From the line with "Bulova watch. Regatta" to the line with "20 Libra 52 |", output every line below exactly, both ends included. Skip the pictures.

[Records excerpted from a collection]

════════════════════

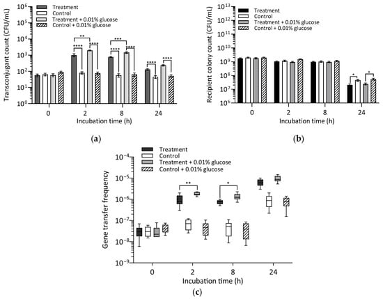 Effect of glucose availability on conjugative vanA gene transfer between E. faecalis donor MF06036Van and recipient ST02103Rif at 0 h, 2 h, 8 h and 24 h post incubation. Data represent the standard error of the mean of nine replicates. (a) Transconjugant count. (b) Recipient colony count. (c) Gene transfer frequency. Asterisks indicate statistical significance: * p < 0.05, **p < 0.01, *** p < 0.001, **** p < 0.0001.
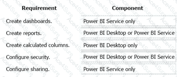What should you recommend? To answer, drag the appropriate components to the correct requirements. Each component may be used once, more than once, or not at all. You may need to drag the split bar between panes or scroll to view content.
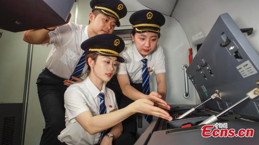 Instructor Shuai Yi trains China’s first batch of female bullet train drivers on the route from Nanchang City, East China’s Jiangxi Province to Xiamen City in Fujian Province, July 29, 2019. The courses includes driving regulations, skills, protocols and etiquette. The average age of the female train drivers is 24 years. (Photo: China News Service/Bao Gansheng)
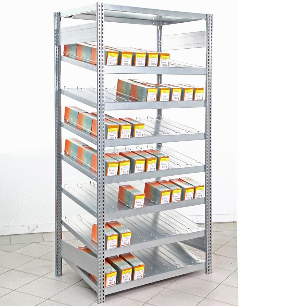 Kanbanregal einseitig FALKE Stecksystem | Grundregal | HxBxT 200x101x60cm | 7x Schrägboden Ebenen, 1x Deckel Stahlfachboden | Fachlast 250kg | Ver...
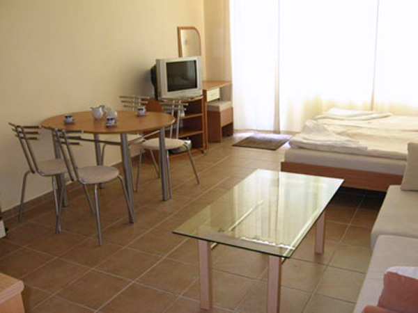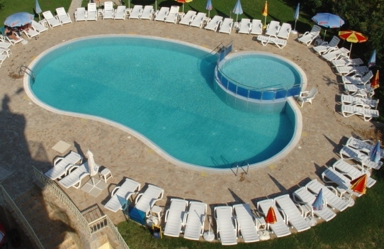 Отель «Аквамарин» расположен в восточной части курорта Солнечный Берег. В отеле 104 апартамента
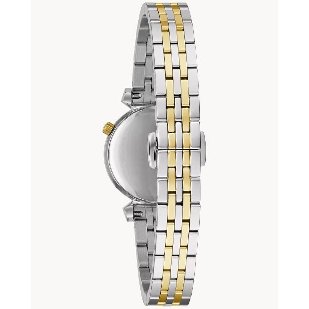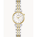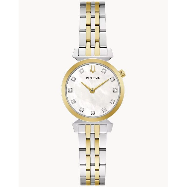 Bulova watch. Regatta Classic in two-tone stainless steel case and bracelet. Synthetic sapphire crystal. 24mm case. White mother-of-pearl dial with 11 diamonds. Quartz movement. Caliber 9T22.
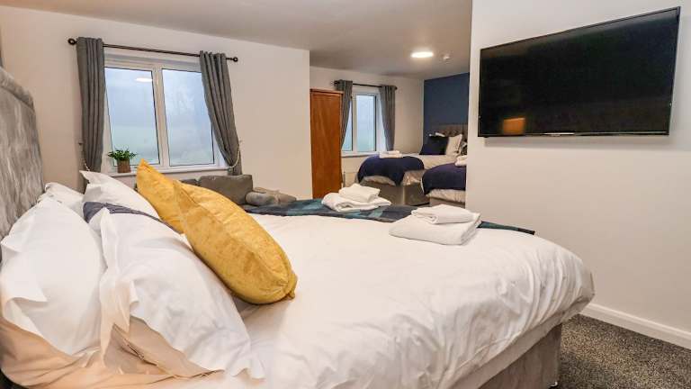 Das Ferienhaus im Myddelton Grange verfügt über 17 Schlafzimmer, die den Gästen viel Platz und Komfort bieten. Die voll ausgestattete Küche mit Kühlschrank und Backofen ermöglicht es den Gästen, Mahlzeiten zuzubereiten und sich wie zu Hause zu fühlen. Die 16 Badezimmer sind mit Dusche und Whirlpool ausgestattet, um den Gästen einen erholsamen Aufenthalt zu ermöglichen.
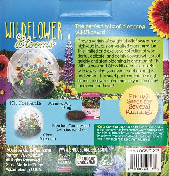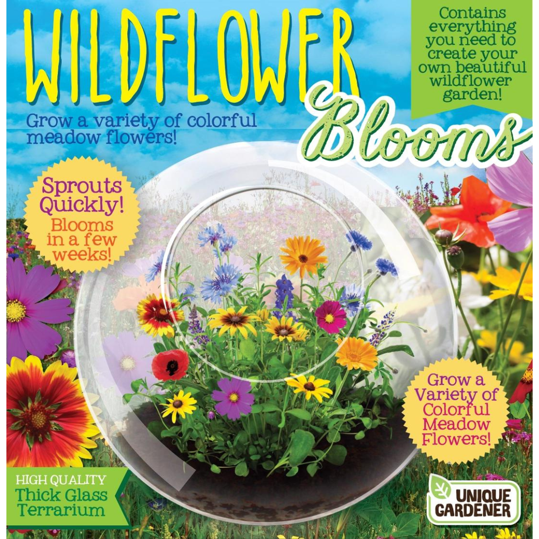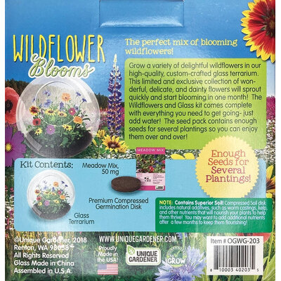 Grow a variety of delightful wildflowers in this high-quality, custom-crafted glass terrarium. This limited and exclusive collection of wonderful, delicate, and dainty flowers will sprout quickly and start blooming in one month! The Wildflowers and Glass kit comes complete with everything you need to get going- just add water! The seed pack contains enough seeds for several plantings so you can enjoy them over and over!
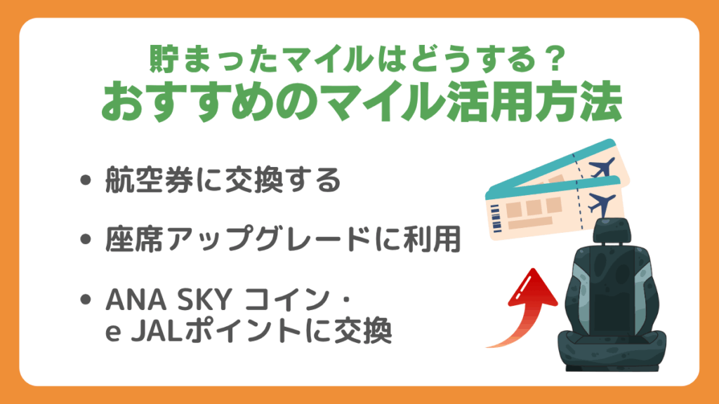 ただし、電子マネーや商品交換などに使うと1マイル=1円以下になることも。なるべく航空券やアップグレードなど「現金で買うと高額なもの」に使うと、マイルの価値を最大化できます。
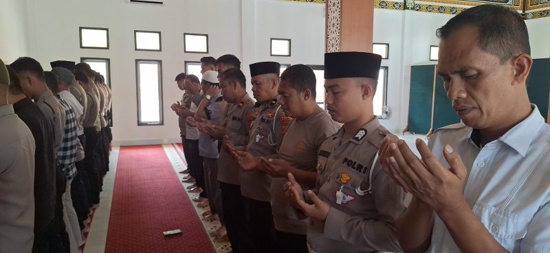 Muarasultra.com, Konawe Utara — Polres Konawe utara menggelar sholat ghaib dan doa bersama sebagai bentuk penghormatan untuk tiga personel Polres Way Kanan Polda Lampung yang menjadi korban penembakan saat melakukan tugas penggerebekan judi sabung ayam.
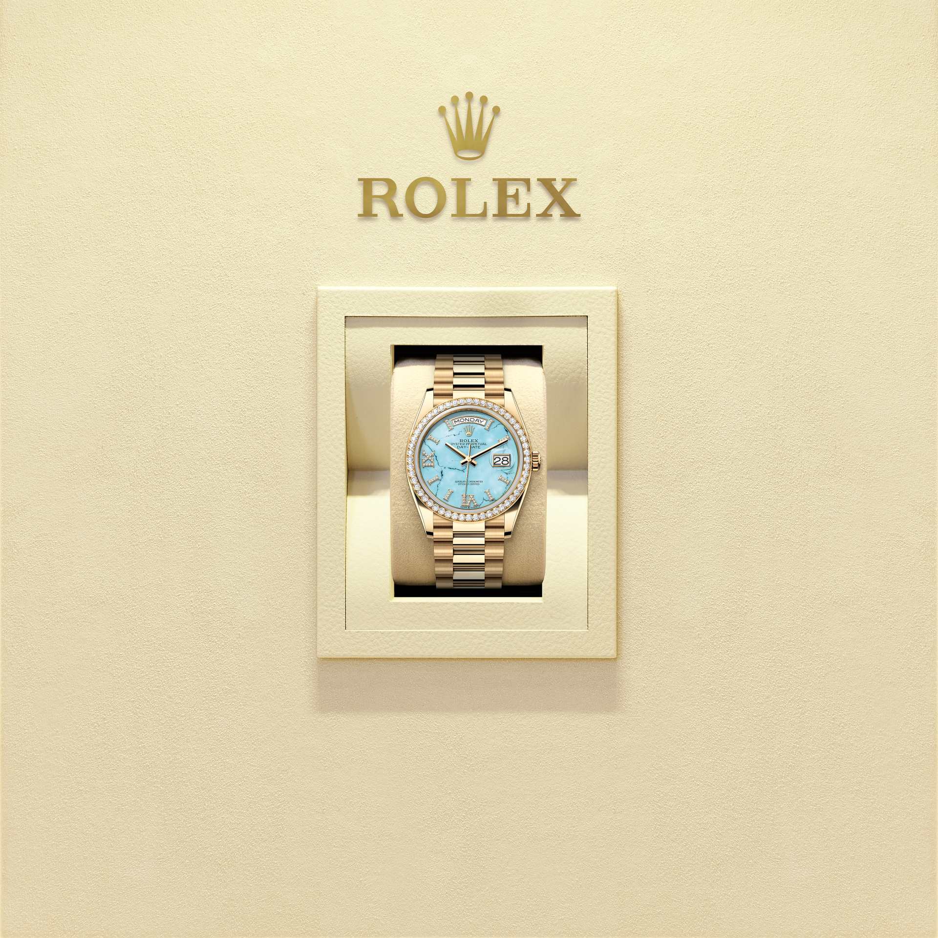 蚝式恒动星期日历型 36腕表18K黄金款,搭配镶钻绿松石表盘、镶钻外圈及元首型(President)表带。
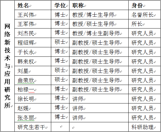 东北大学秦皇岛秦皇岛分校网络新技术与应用研究所成立于2011年,现有科技人员7名,其中教授2名、副教授1名、讲师4名;其中具有博士学位教师7名,7名研究生导师。
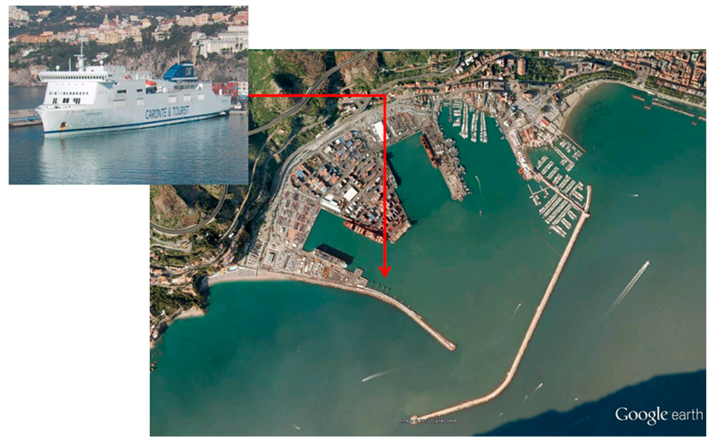 A field experiment was set up in order to assess the performances of the above described Remocean algorithm: the data were acquired by a marine radar installed on board the Caronte & Tourist ferry ship during her call in the Salerno harbour (see Figure 2) on 27 March 2013 from 11:25 a.m. to 12:00 a.m. (UTC).
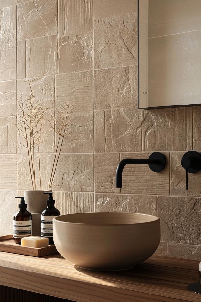 One of the best ways to enhance your Japandi bathroom design is to introduce subtle texture with embossed stone tiles. With their subtle pattern, they give walls or floors additional structure without overwhelming the senses.
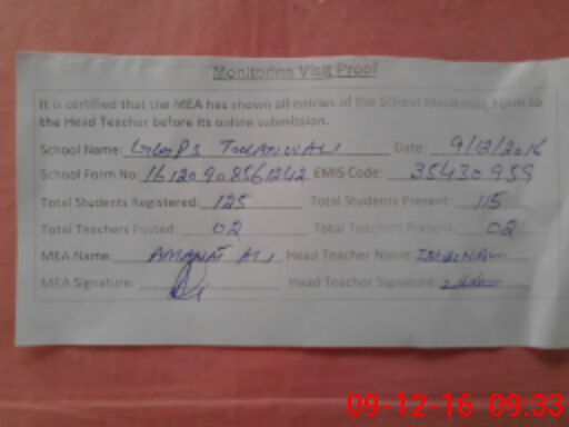 | Attendance Register | Head Teacher | MEA with School | Visit Proof |
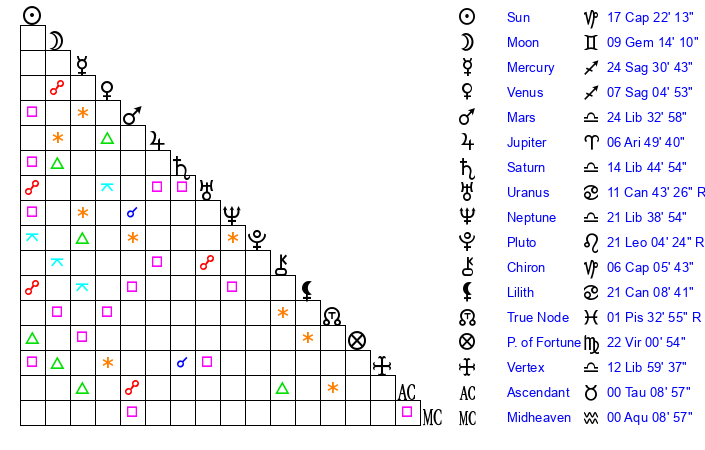 | Neptune | 21 Libra 39 | 27 Pisces 25 | 20 Libra 52 |
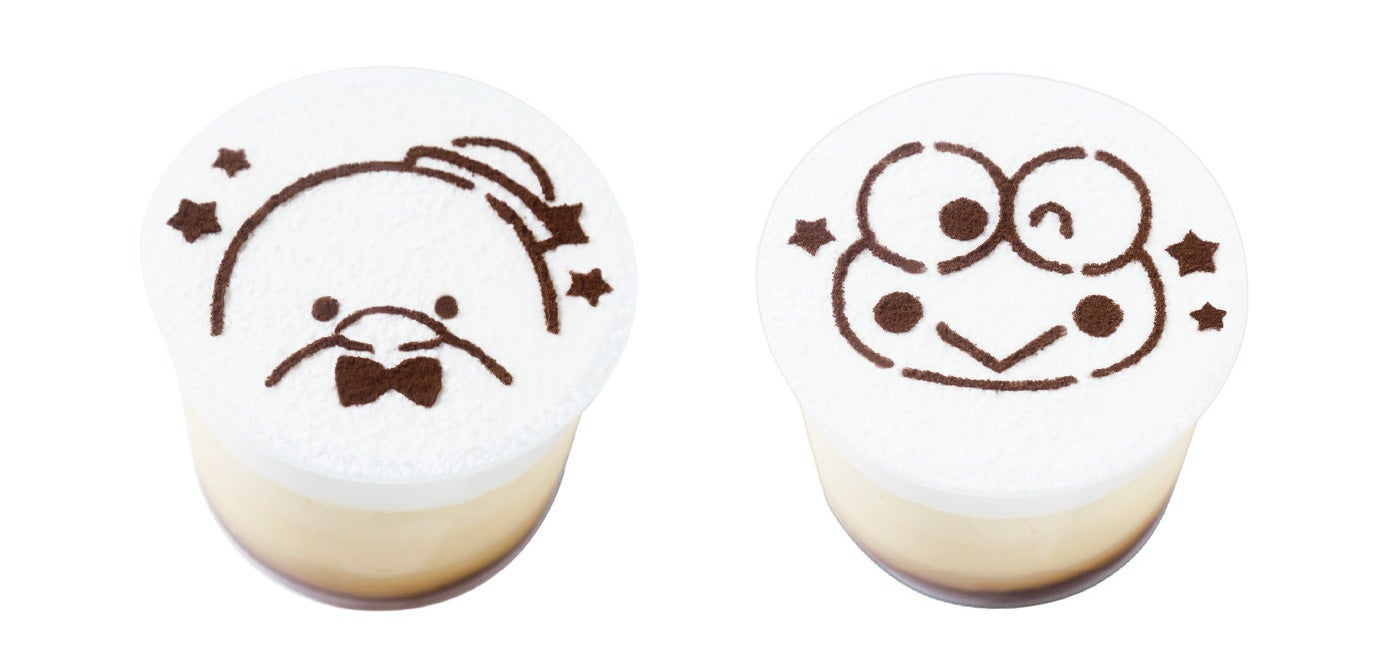パステルオリジナルのミニプリンにホイップクリームをのせ、仕上げにココアパウダーでタキシードサムとけろけろけろっぴのイラストを描いたプリンです。
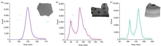 The three parameters used to describe the tempering materials are area, to determine the proportion of tempering materials in the pottery; Feret’s diameter, to describe the grain size [] (the tempering material’s grain size is less than [,]; due to the flat panel resolution, this distance is ()); and circularity, aspect ratio, and roundness, to describe the shape of the tempering material.
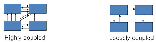 : 프로그램의 코드의 한 종류가 다른 것이 얼마나 결합되어 있는지, 얼마나 의존적인지 나타내는 정도
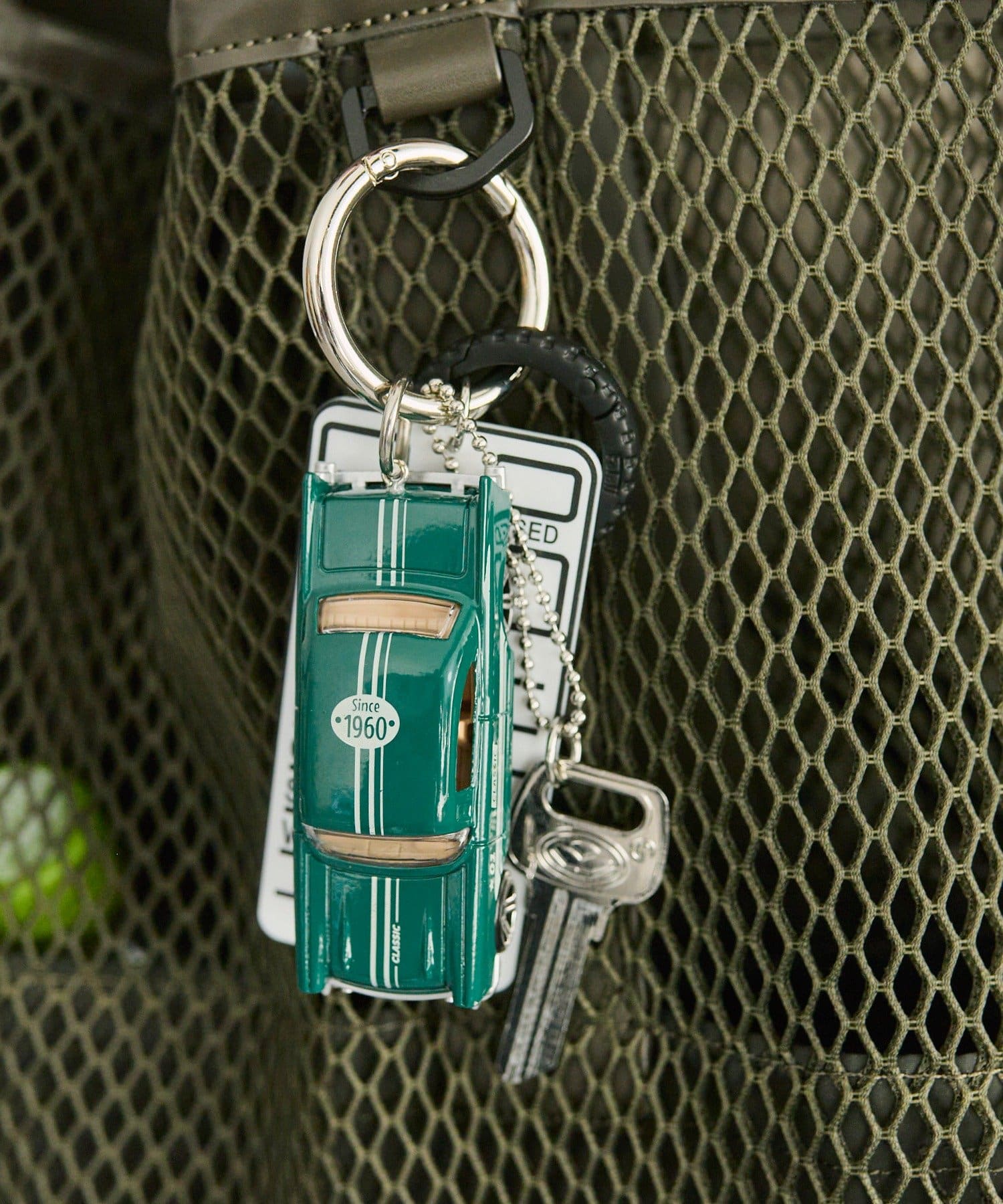 アメリカの中古車店で実際に使われていたプレートをモデルにしたパーツや、タイヤ型カラビナなど、細部までこだわりが光ります。

════════════════════

## Finished exercise
 Bulova watch. Regatta Classic in two-tone stainless steel case and bracelet. Synthetic sapphire crystal. 24mm case. White mother-of-pearl dial with 11 diamonds. Quartz movement. Caliber 9T22.
 Das Ferienhaus im Myddelton Grange verfügt über 17 Schlafzimmer, die den Gästen viel Platz und Komfort bieten. Die voll ausgestattete Küche mit Kühlschrank und Backofen ermöglicht es den Gästen, Mahlzeiten zuzubereiten und sich wie zu Hause zu fühlen. Die 16 Badezimmer sind mit Dusche und Whirlpool ausgestattet, um den Gästen einen erholsamen Aufenthalt zu ermöglichen.
 Grow a variety of delightful wildflowers in this high-quality, custom-crafted glass terrarium. This limited and exclusive collection of wonderful, delicate, and dainty flowers will sprout quickly and start blooming in one month! The Wildflowers and Glass kit comes complete with everything you need to get going- just add water! The seed pack contains enough seeds for several plantings so you can enjoy them over and over!
 ただし、電子マネーや商品交換などに使うと1マイル=1円以下になることも。なるべく航空券やアップグレードなど「現金で買うと高額なもの」に使うと、マイルの価値を最大化できます。
 Muarasultra.com, Konawe Utara — Polres Konawe utara menggelar sholat ghaib dan doa bersama sebagai bentuk penghormatan untuk tiga personel Polres Way Kanan Polda Lampung yang menjadi korban penembakan saat melakukan tugas penggerebekan judi sabung ayam.
 蚝式恒动星期日历型 36腕表18K黄金款,搭配镶钻绿松石表盘、镶钻外圈及元首型(President)表带。
 东北大学秦皇岛秦皇岛分校网络新技术与应用研究所成立于2011年,现有科技人员7名,其中教授2名、副教授1名、讲师4名;其中具有博士学位教师7名,7名研究生导师。
 A field experiment was set up in order to assess the performances of the above described Remocean algorithm: the data were acquired by a marine radar installed on board the Caronte & Tourist ferry ship during her call in the Salerno harbour (see Figure 2) on 27 March 2013 from 11:25 a.m. to 12:00 a.m. (UTC).
 One of the best ways to enhance your Japandi bathroom design is to introduce subtle texture with embossed stone tiles. With their subtle pattern, they give walls or floors additional structure without overwhelming the senses.
 | Attendance Register | Head Teacher | MEA with School | Visit Proof |
 | Neptune | 21 Libra 39 | 27 Pisces 25 | 20 Libra 52 |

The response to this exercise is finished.